TASK INPUTS
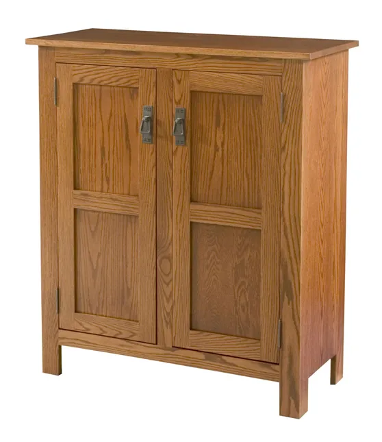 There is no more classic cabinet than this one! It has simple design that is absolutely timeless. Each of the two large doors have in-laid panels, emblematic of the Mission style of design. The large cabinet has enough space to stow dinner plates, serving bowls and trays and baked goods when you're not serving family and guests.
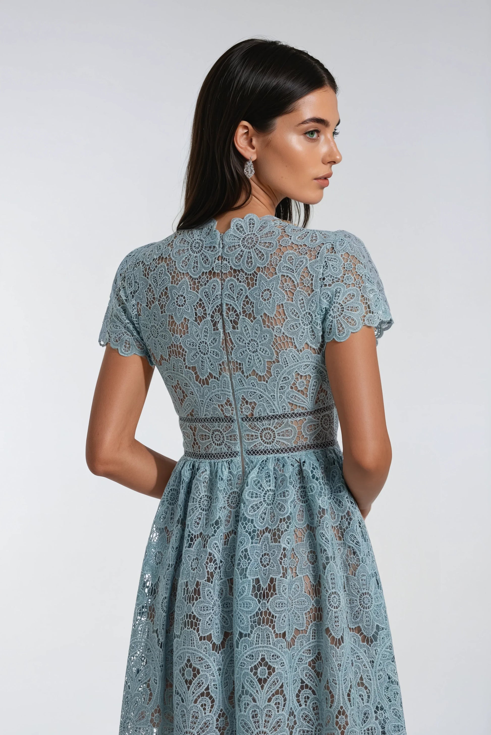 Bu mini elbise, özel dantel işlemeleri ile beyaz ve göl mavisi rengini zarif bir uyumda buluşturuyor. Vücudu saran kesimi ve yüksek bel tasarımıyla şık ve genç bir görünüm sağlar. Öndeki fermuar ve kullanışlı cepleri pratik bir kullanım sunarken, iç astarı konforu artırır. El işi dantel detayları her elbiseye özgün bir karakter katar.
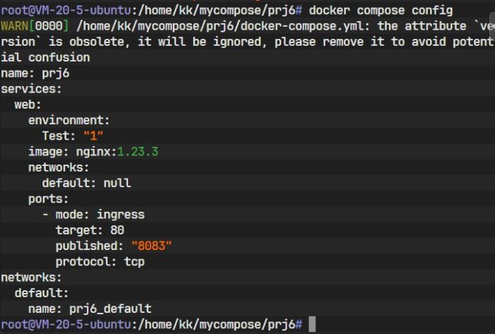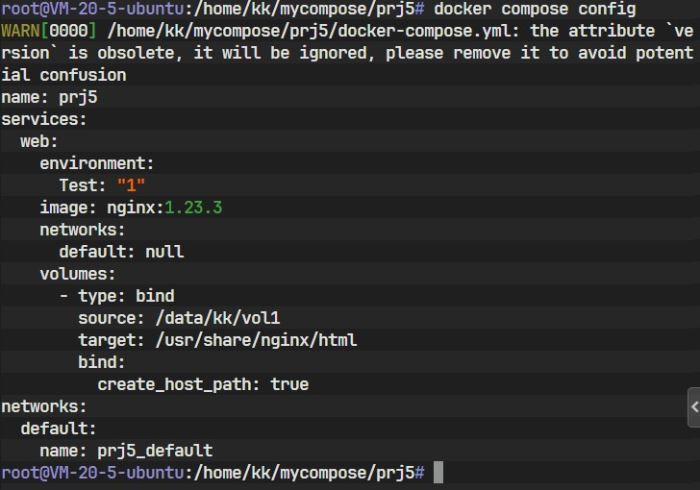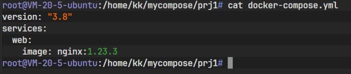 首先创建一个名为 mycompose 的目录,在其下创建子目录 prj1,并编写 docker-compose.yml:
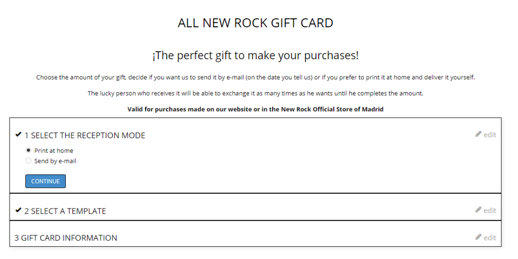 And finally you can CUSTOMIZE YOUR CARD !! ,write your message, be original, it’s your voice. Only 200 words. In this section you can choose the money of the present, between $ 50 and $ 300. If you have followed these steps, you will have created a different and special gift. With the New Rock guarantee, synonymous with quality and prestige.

...

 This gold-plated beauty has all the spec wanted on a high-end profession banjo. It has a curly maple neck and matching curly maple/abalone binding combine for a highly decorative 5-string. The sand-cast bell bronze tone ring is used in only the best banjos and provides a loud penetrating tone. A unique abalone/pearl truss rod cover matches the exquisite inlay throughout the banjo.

---

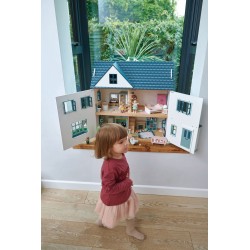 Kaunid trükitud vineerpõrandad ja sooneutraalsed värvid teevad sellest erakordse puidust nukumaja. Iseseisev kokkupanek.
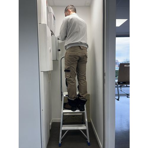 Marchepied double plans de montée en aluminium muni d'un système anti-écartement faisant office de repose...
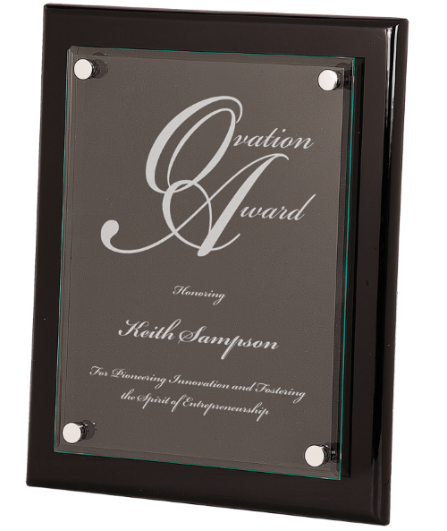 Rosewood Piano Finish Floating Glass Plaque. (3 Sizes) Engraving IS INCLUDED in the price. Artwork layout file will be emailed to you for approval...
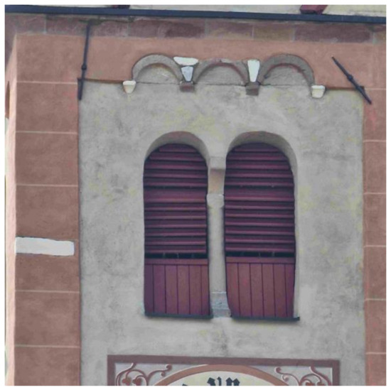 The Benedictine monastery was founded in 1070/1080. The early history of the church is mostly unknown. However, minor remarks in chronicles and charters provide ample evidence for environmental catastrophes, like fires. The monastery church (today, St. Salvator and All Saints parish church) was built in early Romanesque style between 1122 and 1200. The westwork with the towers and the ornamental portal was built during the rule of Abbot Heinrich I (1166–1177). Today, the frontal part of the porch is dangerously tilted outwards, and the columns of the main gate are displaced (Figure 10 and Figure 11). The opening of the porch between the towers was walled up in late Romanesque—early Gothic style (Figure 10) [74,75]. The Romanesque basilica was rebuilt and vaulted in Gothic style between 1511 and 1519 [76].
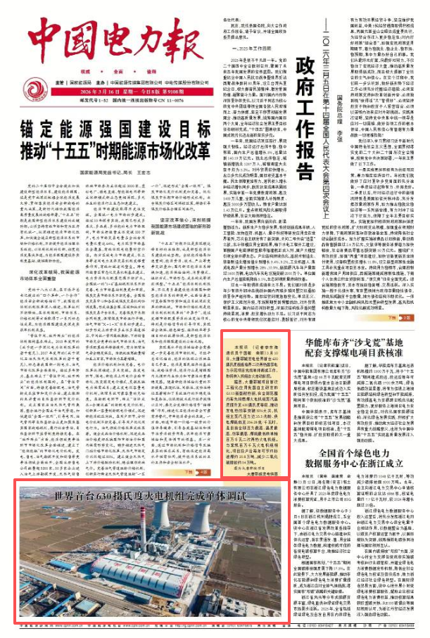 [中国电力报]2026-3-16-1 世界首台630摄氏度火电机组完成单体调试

EXERCISE BRIEF
"Kaunid trükitud vineerpõrandad" marks the first line to copy, and "Marchepied double plans" marks the last. Repeat that stretch above exactly, with no pictures.

EXPECTED ANSWER
 Kaunid trükitud vineerpõrandad ja sooneutraalsed värvid teevad sellest erakordse puidust nukumaja. Iseseisev kokkupanek.
 Marchepied double plans de montée en aluminium muni d'un système anti-écartement faisant office de repose...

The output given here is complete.